4/30/2009 – With the debate raging over FIDE's decision to change or not to change the K-factor used in calculating players' ratings, we are glad to receive an important message from our voice-of-reason grandmaster. Dr John Nunn says "there seems no real evidence that K=20 will result in a more accurate rating system, while there are a number of risks and disadvantages." His explanation and reader feedback.

GM Dr. John Nunn, England

I just thought I’d make some comments on the K-Factor debate.

Changing the K-factor from 10 to 20 for the whole Elo list is a radical change, the most radical in the 40-year history of the Elo system. What is curious is that in all the debate nobody seems to have set out exactly what the supposed advantages to this change are.
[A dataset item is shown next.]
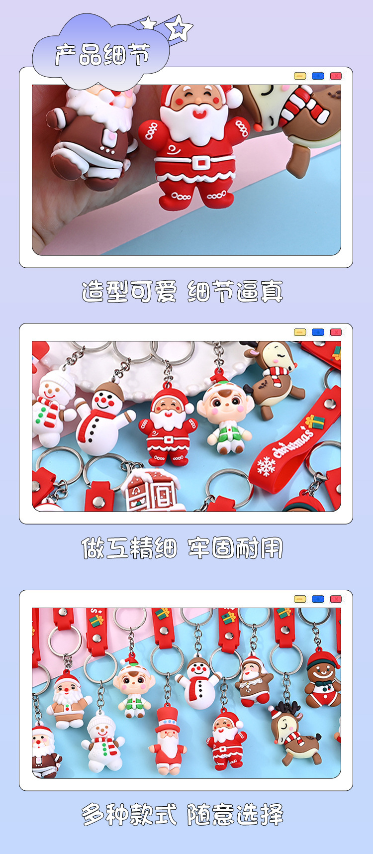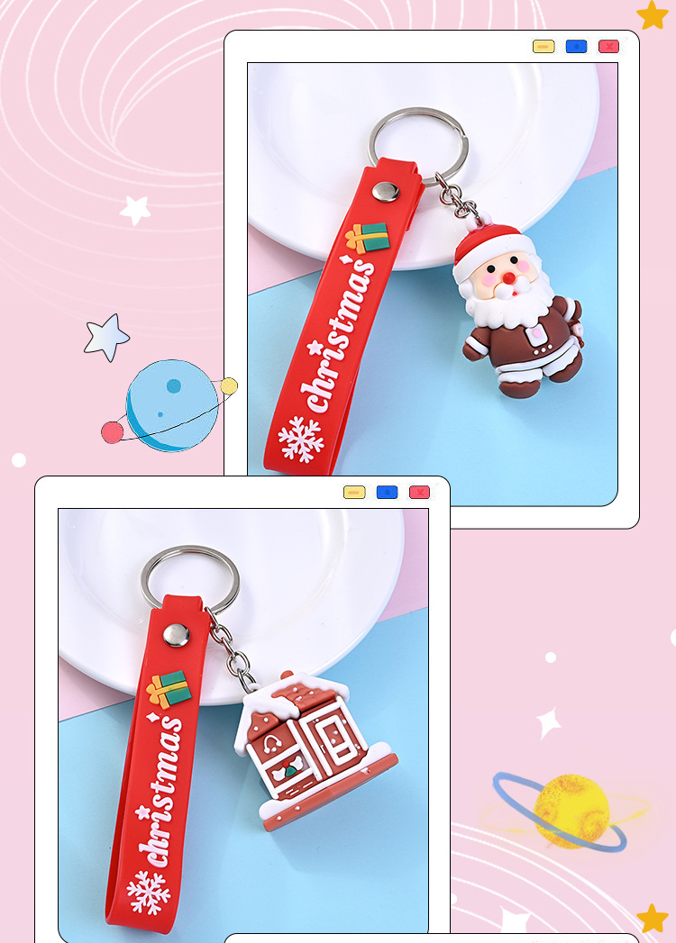 귀여운 크리스마스 가죽 스트립 키 체인 만화 스테레오 산타 클로스 펜던트 어린이 선물 이벤트 오프닝 선물스토어 가기

Certainly, people’s ratings will go up and down faster, but why should this make the ratings ‘better’?

Jeff Sonas states "Using a more dynamic K-factor (24 instead of 10) would result in ratings that more accurately predict players' future results, and thus I would call those ratings more ‘accurate’." But where’s the proof of this? It strikes me that this statement is in fact very unlikely to be true. The performance of players varies considerably from one tournament to the next. Increasing the K-factor effectively places greater weight on the most recent results, so that the rating is based less on an average of results and more on the latest tournament. Since this is subject to a wide random variation, there seems no particular reason to believe that the rating will more accurately reflect a player’s strength or better predict future results.

The argument put forward by GM Bartlomiej Macieja that an increase in the K-factor is a necessary consequence of more frequent rating lists doesn't stand up to examination. The K-factor and the frequency of rating lists are unrelated to one another. Rating change depends on the number of games you have played. If you have played 40 games in 6 months, it doesn't make any difference whether FIDE publishes one rating list at the end of six months or one every day; you've still played the same number of games and the change in your rating should be the same.
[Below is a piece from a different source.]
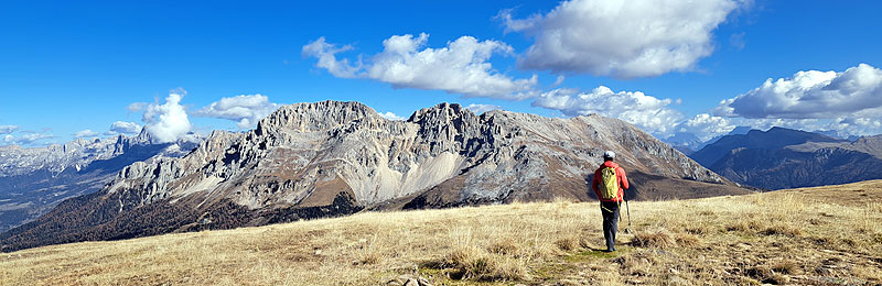 Auf unserer Durchquerung zwischen den beiden Dolomitengiganten Marmolada und Pale di San Martino erhebt sich der kleine Grat des Col Margherita mit den Gipfeln Juribrutto und Lusia und bietet einen herrlichen Blick auf die Costabellagruppe, Cima Uomo und Valfredda. Die Durchquerung führt dann weiter bergab zum Passo Valles, wo man die Gipfel Mulaz, Focobon, Vezzana und Cimon della Pala bewundern kann, symbolische Berge der Pale di San Martino.
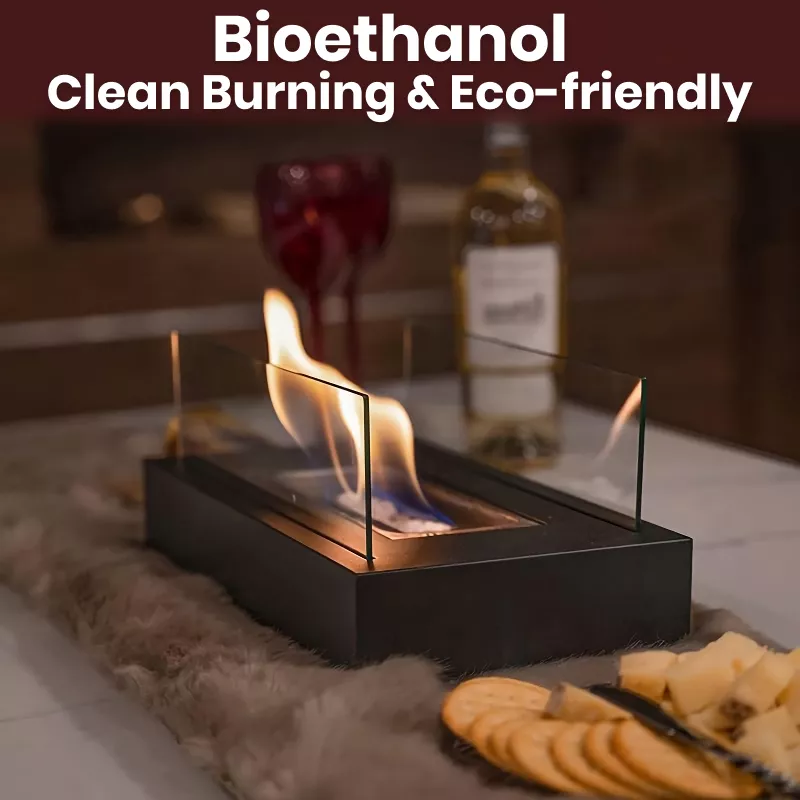 • Environmentally Friendly: Utilizes bioethanol, a renewable energy source that burns clean, leaving no soot or ash.

I am against the increase in the K-factor, for two reasons. The first is that the Elo system has worked well for 40 years, and while all rating systems have their defects, during this time the Elo system has gained respect as a good indicator of current playing strength. Why then change it in such a dramatic fashion?

The second reason doesn’t seem to have been mentioned so far, but I think this is the reason why many top players are against the K=20 change. With qualification to many important events, including the World Championship, being based on ratings, obtaining a higher rating can be extremely valuable. In the past there has been a certain amount of ‘rating cheating’, ranging from the buying of individual games to the construction of entire imaginary tournaments. With the stakes so high, this will doubtless also occur in the future. The problem is that it is much easier to cheat on your rating with K=20. With 20 points at stake in each game, it only takes a small amount of cheating to cause a massive surge in your rating. What the top players are concerned about is that the places in elite tournaments and even the World Championship which should rightfully go to them will instead go to ‘rating cheats’. Of course, you can cheat on your rating with K=10 too, but why make the task so much easier?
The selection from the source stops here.